- **ACTIVITY**:
Please write out every record exactly, but keep any images out of it.

- **DATA FOR THIS EXERCISE**:
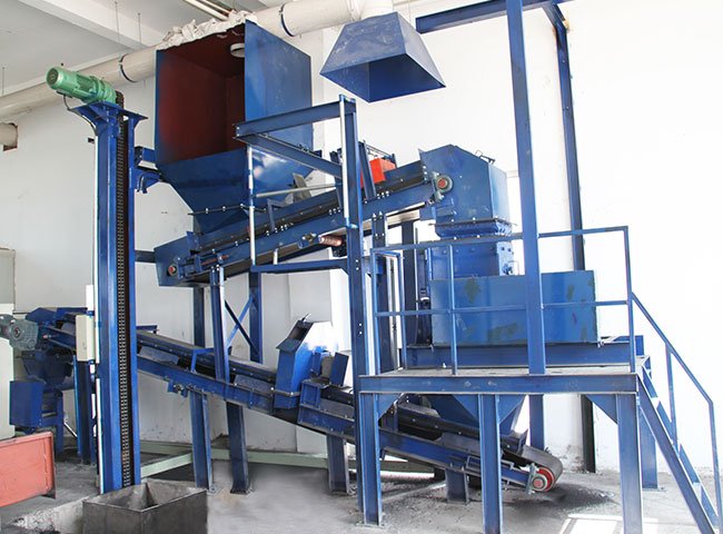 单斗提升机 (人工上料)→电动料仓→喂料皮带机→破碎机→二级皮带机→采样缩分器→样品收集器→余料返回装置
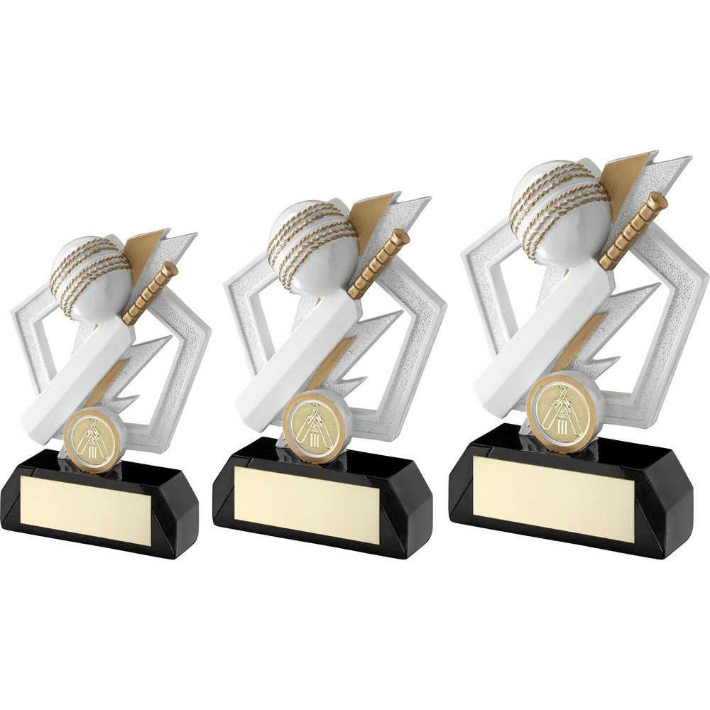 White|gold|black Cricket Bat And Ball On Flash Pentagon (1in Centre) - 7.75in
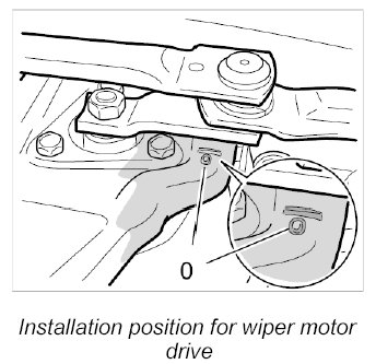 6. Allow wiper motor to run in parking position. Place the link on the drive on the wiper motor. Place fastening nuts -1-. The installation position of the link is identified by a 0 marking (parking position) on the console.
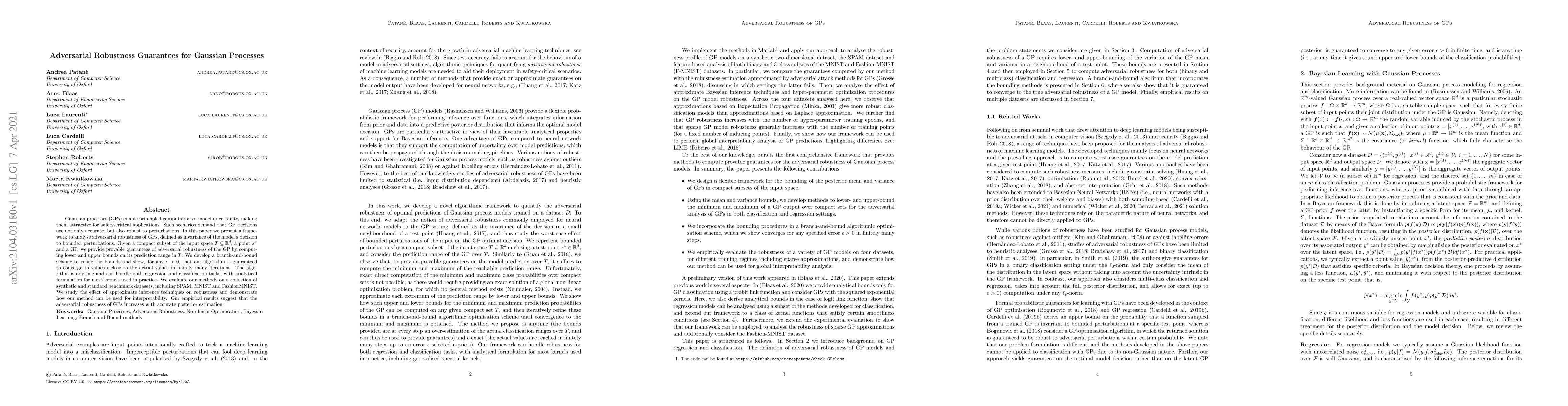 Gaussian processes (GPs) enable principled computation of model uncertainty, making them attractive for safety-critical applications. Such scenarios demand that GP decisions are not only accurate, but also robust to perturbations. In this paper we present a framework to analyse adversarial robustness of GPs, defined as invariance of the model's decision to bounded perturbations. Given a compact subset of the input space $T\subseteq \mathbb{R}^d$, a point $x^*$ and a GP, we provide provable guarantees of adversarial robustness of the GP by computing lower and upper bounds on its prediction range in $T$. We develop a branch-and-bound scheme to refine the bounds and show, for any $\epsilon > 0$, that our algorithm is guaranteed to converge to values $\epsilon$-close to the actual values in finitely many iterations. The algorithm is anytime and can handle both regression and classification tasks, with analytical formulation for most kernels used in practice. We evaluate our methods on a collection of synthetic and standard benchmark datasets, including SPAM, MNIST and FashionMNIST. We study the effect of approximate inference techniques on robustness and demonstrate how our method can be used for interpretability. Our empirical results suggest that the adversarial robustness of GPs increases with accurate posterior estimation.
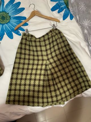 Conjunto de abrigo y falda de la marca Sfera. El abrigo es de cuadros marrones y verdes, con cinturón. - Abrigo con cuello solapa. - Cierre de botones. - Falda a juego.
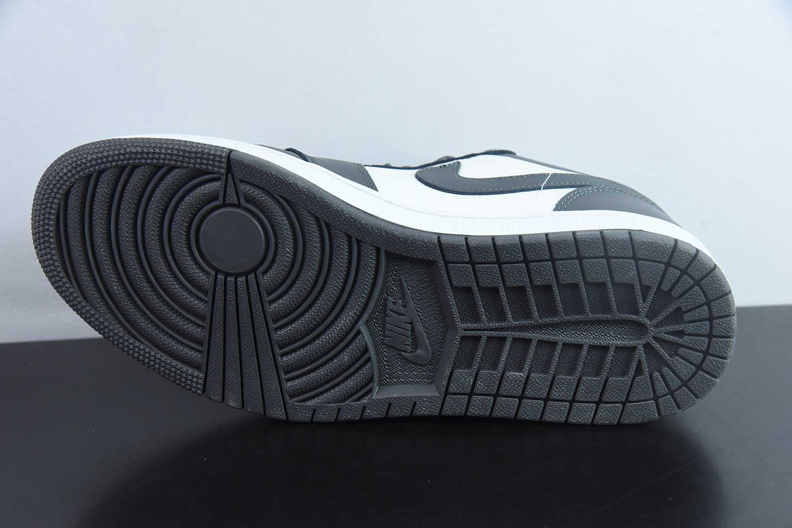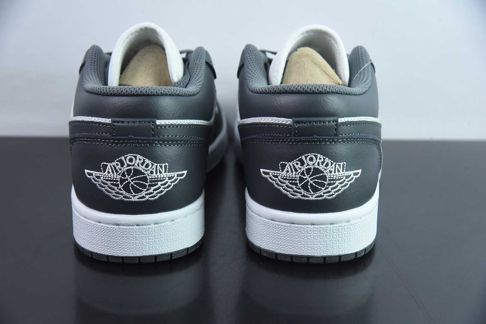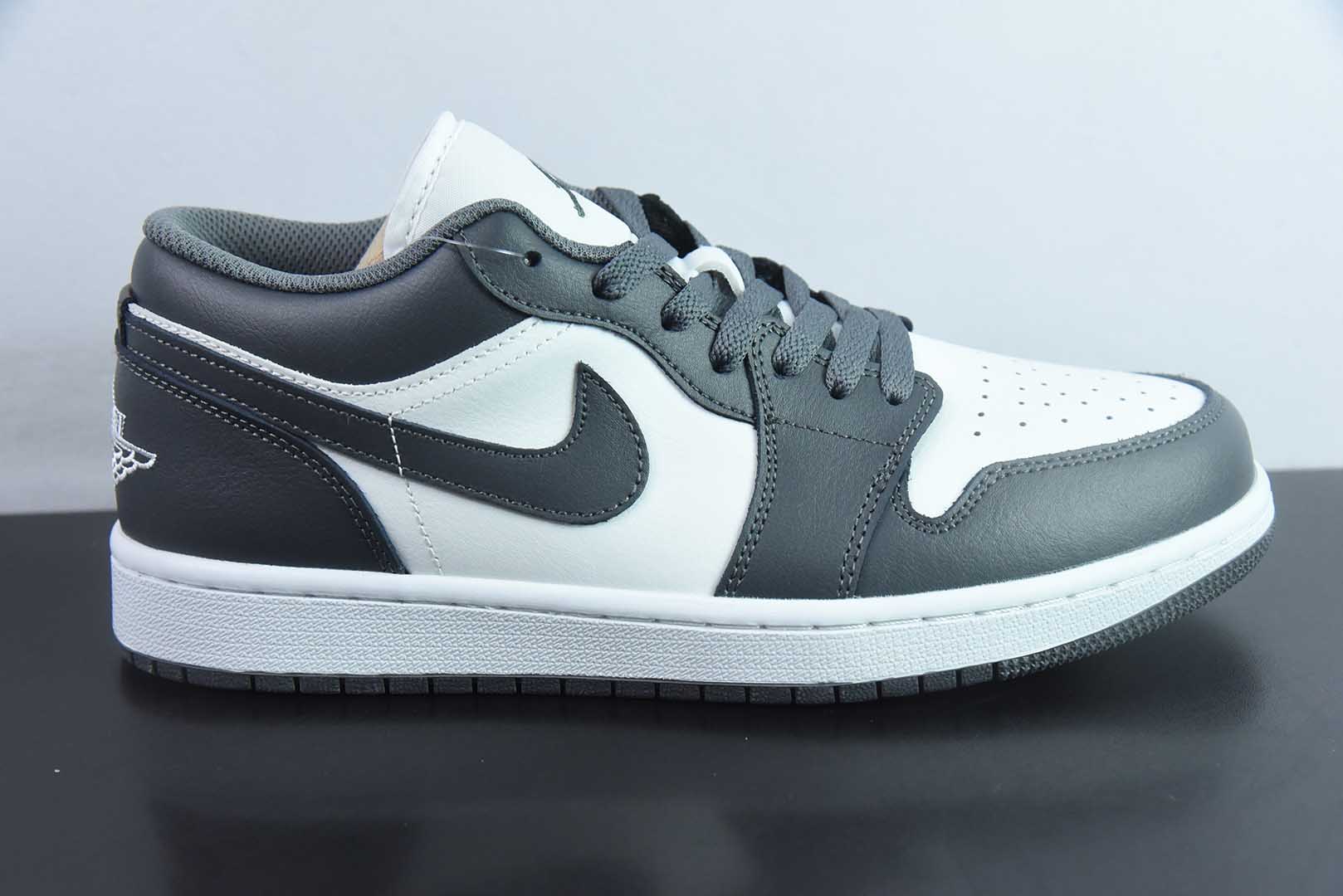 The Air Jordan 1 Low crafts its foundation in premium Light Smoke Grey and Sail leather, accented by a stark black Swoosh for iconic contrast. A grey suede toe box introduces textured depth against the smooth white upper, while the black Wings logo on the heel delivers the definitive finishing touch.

- **SOLUTION TO THE PROBLEM**:
 单斗提升机 (人工上料)→电动料仓→喂料皮带机→破碎机→二级皮带机→采样缩分器→样品收集器→余料返回装置
 White|gold|black Cricket Bat And Ball On Flash Pentagon (1in Centre) - 7.75in
 6. Allow wiper motor to run in parking position. Place the link on the drive on the wiper motor. Place fastening nuts -1-. The installation position of the link is identified by a 0 marking (parking position) on the console.
 Gaussian processes (GPs) enable principled computation of model uncertainty, making them attractive for safety-critical applications. Such scenarios demand that GP decisions are not only accurate, but also robust to perturbations. In this paper we present a framework to analyse adversarial robustness of GPs, defined as invariance of the model's decision to bounded perturbations. Given a compact subset of the input space $T\subseteq \mathbb{R}^d$, a point $x^*$ and a GP, we provide provable guarantees of adversarial robustness of the GP by computing lower and upper bounds on its prediction range in $T$. We develop a branch-and-bound scheme to refine the bounds and show, for any $\epsilon > 0$, that our algorithm is guaranteed to converge to values $\epsilon$-close to the actual values in finitely many iterations. The algorithm is anytime and can handle both regression and classification tasks, with analytical formulation for most kernels used in practice. We evaluate our methods on a collection of synthetic and standard benchmark datasets, including SPAM, MNIST and FashionMNIST. We study the effect of approximate inference techniques on robustness and demonstrate how our method can be used for interpretability. Our empirical results suggest that the adversarial robustness of GPs increases with accurate posterior estimation.
 Conjunto de abrigo y falda de la marca Sfera. El abrigo es de cuadros marrones y verdes, con cinturón. - Abrigo con cuello solapa. - Cierre de botones. - Falda a juego.
 The Air Jordan 1 Low crafts its foundation in premium Light Smoke Grey and Sail leather, accented by a stark black Swoosh for iconic contrast. A grey suede toe box introduces textured depth against the smooth white upper, while the black Wings logo on the heel delivers the definitive finishing touch.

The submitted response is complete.